Serenity Slurpee

This is what you buy when you are detoxing off one of your antidepressants and are waiting for the doc to refill and you haven’t much to do at your new job and are feeling a bit like a useless appendage.

At home there are two dogs wrecking the house, aided and abetted by one five-month-old kitten to whom you are highly allergic but saved from a hoarding situation and have so far gotten her every shot imaginable and had her treated for fleas, extreme underweight, and an upper respiratory infection. There is a nice home waiting for her once she is cured of all her illnesses.

You survive the dander by hanging out in your room and not letting the pets in while they wreck the house on the other side of the door.

In two days is the holiest day of the year, Yom Kippur and while you walk a fine line between Judaism and Catholicism, this is a day you take seriously. And you hope your saving this little baby will somehow convince God to give you a pass for your errors and trespasses of the past year, of which there were a few.

And if you remember, you will say a prayer for all those who broke your heart by not accepting you for who you are and not recognizing that that is what you tried to do for them, grouchy days, sorrowful days, flaws and all. But then you have to send them on their way.  Because they won’t ever get it and it is not your charge to make them.

And there are Serenity Slurpees (Coke!) to savor, and scrawny kittens to rescue and cuddle, and prescriptions to be filled, and though it is hard to be misunderstood, you will fly far from the burning bridge visible from your rear view window, and you will ask God for a fresh start.

Something that sums it up a bit

So, I just read this article that sums up some of what I have been feeling as someone who has “beaten” cancer. (I often feel as if cancer has beaten me, like with a stick, even though I was only Stage 1 and have been told I am free of cancer now.)

You’re left with fear, your single focus of fighting cancer and having doctor upon doctor helping you achieve that goal finishes and then you have to go back to ordinary life, but you are different and so is your life. Someone wrote this in HuffPost, and I hope some can relate.

I realize I started this blog out to be funny. And then life happened, and some things are funny. But some are not.

Love to all.

Here is the LINK to the Huffington Post article.

The Trenton, NJ, morbidity & mortality report

True story this: When I was a little kid, we lived in the city (THE city), and my Auntie Betty, the person second only to Jesus Christ himself for a good and kind heart in the history of this planet, used to take us on the bus from Staten Island to Queens or Manhattan, or from her apartment in Queens to Manhattan, all over.

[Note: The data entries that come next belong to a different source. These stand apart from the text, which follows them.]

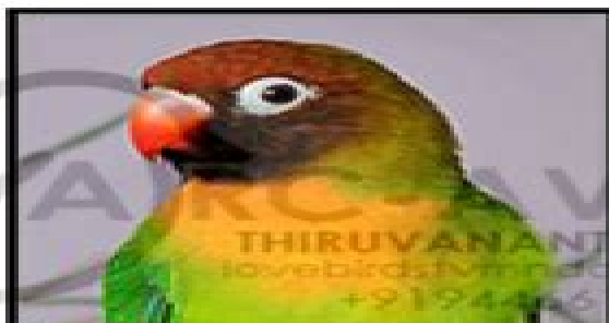
BLACK-CHEEKED LOVEBIRD AGAPORNIS NIGRIGENIS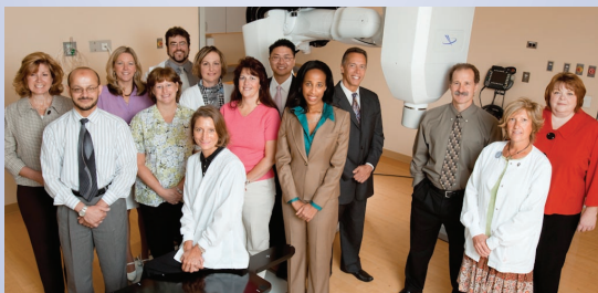
The team at CyberKnife Center of Chicago

Elmhurst Memorial Hospital Radiation Oncology Department 200 Berteau Avenue | Elmhurst, Illinois 60126 630-758-5588 | ChicagoCK.com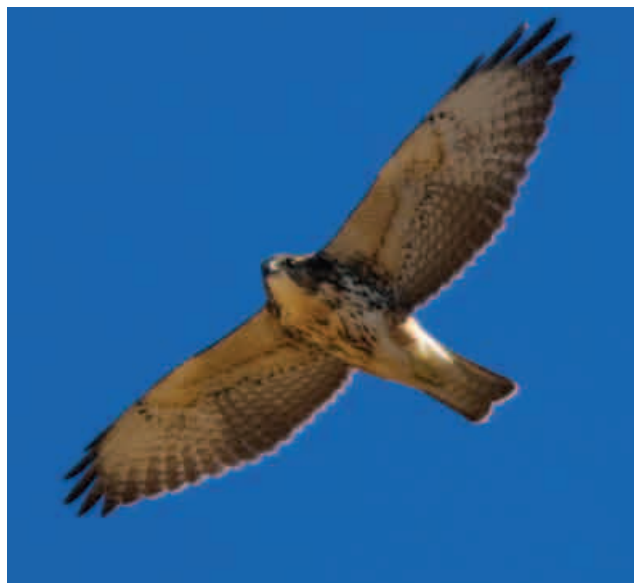
Figure 2 (top). Swainson's Hawks Buteo swainsoni arriving at their winter quarters in the eastern pampas of Punta Rasa, Argentina. At Punta Rasa, in mid November, if the winds are westerly or southerly, it is possible to tally thousands of these hawks in a single day. Most of those tallied at this site are immatures (Gabriel Battaglia)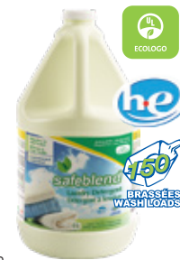
Fragrance free Code : LUXX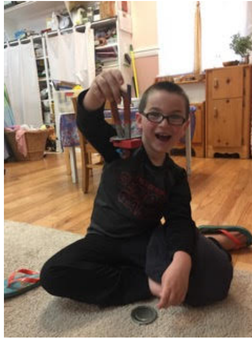
Exploring with Magnets

(I have printed out the complete letter and have copies in the office. If you are interested, let me know and I'll send one home with your child. Mrs.B)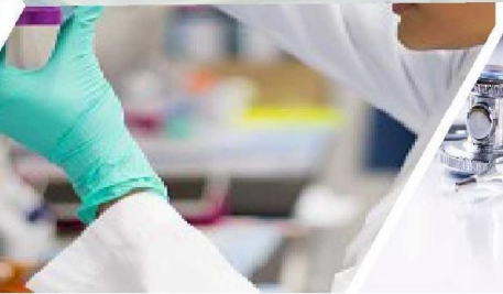
Non Registered starting materials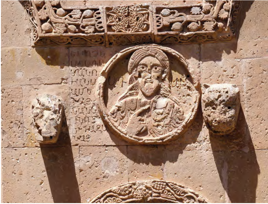
FIGURE 3.4 Adam (Gen 2:20), Surb Xac' (Holy Cross) Church in Alt'amar, 915–921, east façade, architect Manuēl

FEBRUARY 2015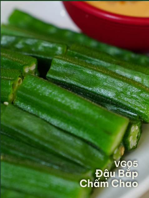
VG05 Đậu Bắp Chấm Chao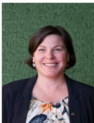
Mayor - Charlotte Bisset

We are confident this budget represents both a fiscally-responsible approach to managing Council, but also one which reflects community sentiment and need and will help us make significant progress in delivering our Council Plan.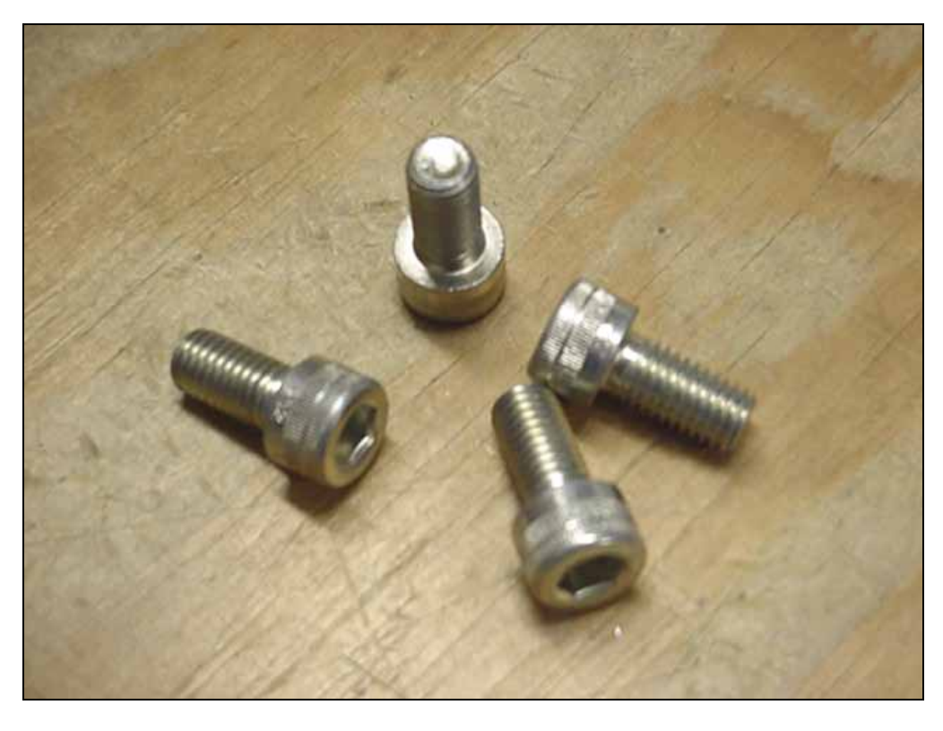
M10x1.5x20 12.9 BOLTS QTY: 4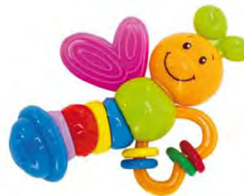
Item No.: G19 Packing : blister card Product size: 14.5x11cm QTY/CBM: 72pcs/ 0.089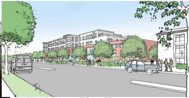
Mixed-Use : East Barnwell, Cambridge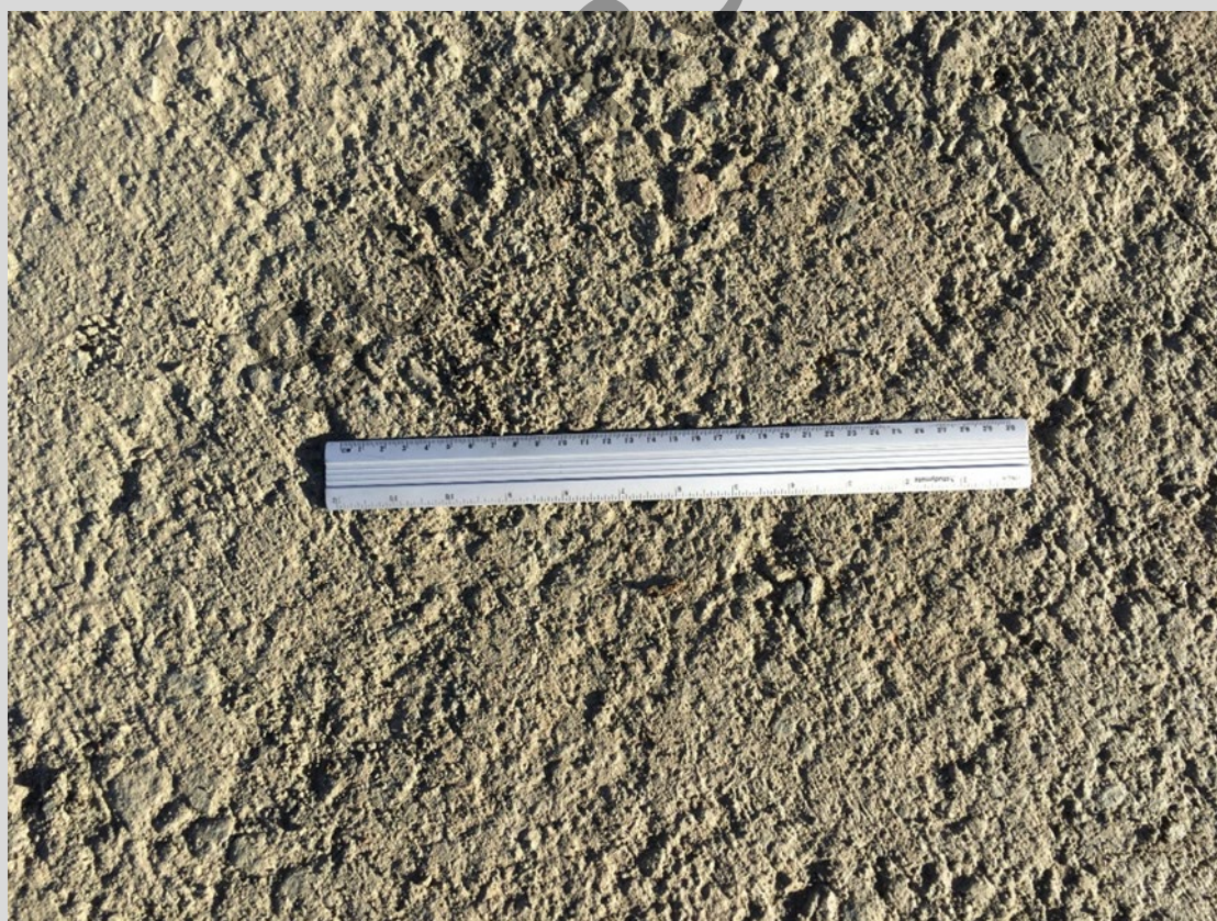
Figure 8.2.7.2 – Example of acceptable hard-cut surface

Where the construction process does not allow the heavily bound pavement layer to be hard-cut within the same work shift as the material was placed, the Administrator may approve the Contractor to delay the hard-cut process provided the Contractor can demonstrate that their nominated process will achieve an acceptable surface. The longer a heavily bound material is left prior to hard-cut, the more effort will be needed to hard-cut the surface and the more chance there is of damaging the pavement if inappropriate equipment is chosen (for example, using a grader with straight blade to hard-cut cured heavily bound pavement).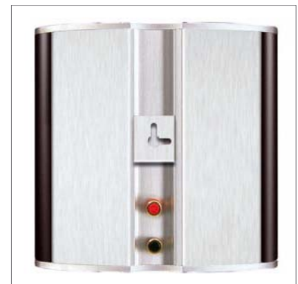
Integrated wall mount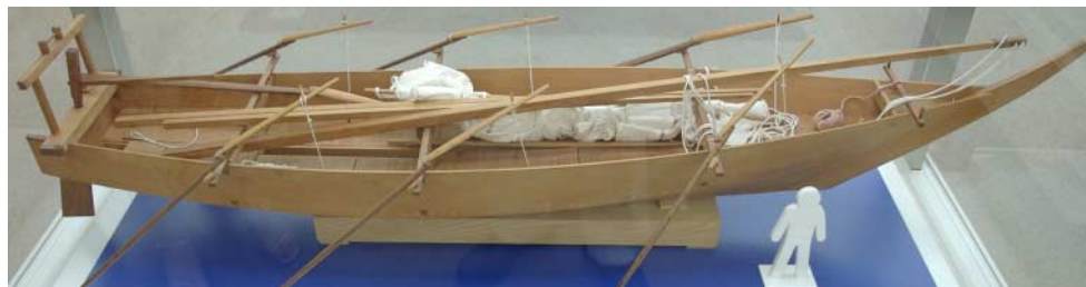
Figure 2. Model oshiokuri in Yokohama maritime museum. As well as having oars, oshiokuri carried a dismantable mast with sails to put up in a suitable wind; they may be classed as a type of skiff. The single-oar sculling technique employed with oshiokuri was once widespread in many parts of the world, 55 but today may be encountered perhaps most notably with a Venetian gondola; in fact, the Venetians had multiple crewed sculled boats similar to oshiokuri for transporting cargo. This model oshiokuri has six oars, compared with the two or four reported by Bird and the eight of the boats meeting the great wave. The outriggers on this model are much farther apart than on the boats Hokusai drew; he depicts five closely spaced outriggers—with only four in use—on the most distant boat in The great wave . Could oshiokuri have been sculled with the outriggers as closely spaced as Hokusai shows? It is not clear. (Online version in colour.)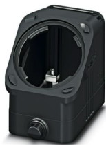
HEAVYCON EVO sleeve housing, plastic, with bayonet flange for EVO screw connection, B10, for single locking latch, height: 60.5 mm, without EVO screw connection

Please be informed that the data shown in this PDF document is generated from our online catalog. Please find the complete data in the user documentation. Our general terms of use for downloads are valid.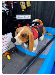
Sandy, Utah - Our show mascot shows off his doggy life jacket. February 9, 2023.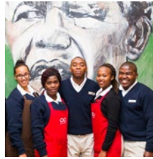
HARAMBEE YOUTH EMPLOYMENT ACCELERATOR

As part of our ongoing business journey, we at Spier are intent on doing things differently and our purpose is to find innovative ways of how business can succeed in balance with our environment and society.

We were quite the little bus riders back in the day. And I used to get upset as a kid of about 7 when I saw the old people on the bus, and Auntie Betty wanted to know why, and I was sad because the old people on the bus were going to die soon, and that just broke my heart.

And to this day, my mother has my schoolwork from when I was a little kid, and for current events I used to being in obituaries. My mother has notebook pages with obituaries taped to them and scrawled first-grade pencil descriptions about the person who died. I distinctly remember one that said, “This man made hats.”

Some people are just born melancholy and morbid. If you work with me, you know I can turn a normal conversation into one about my neighbor being run down by a bus and leaving behind a whole house of foster dogs and then walk away leaving some group of formerly cheery individuals searching for a funny anecdote.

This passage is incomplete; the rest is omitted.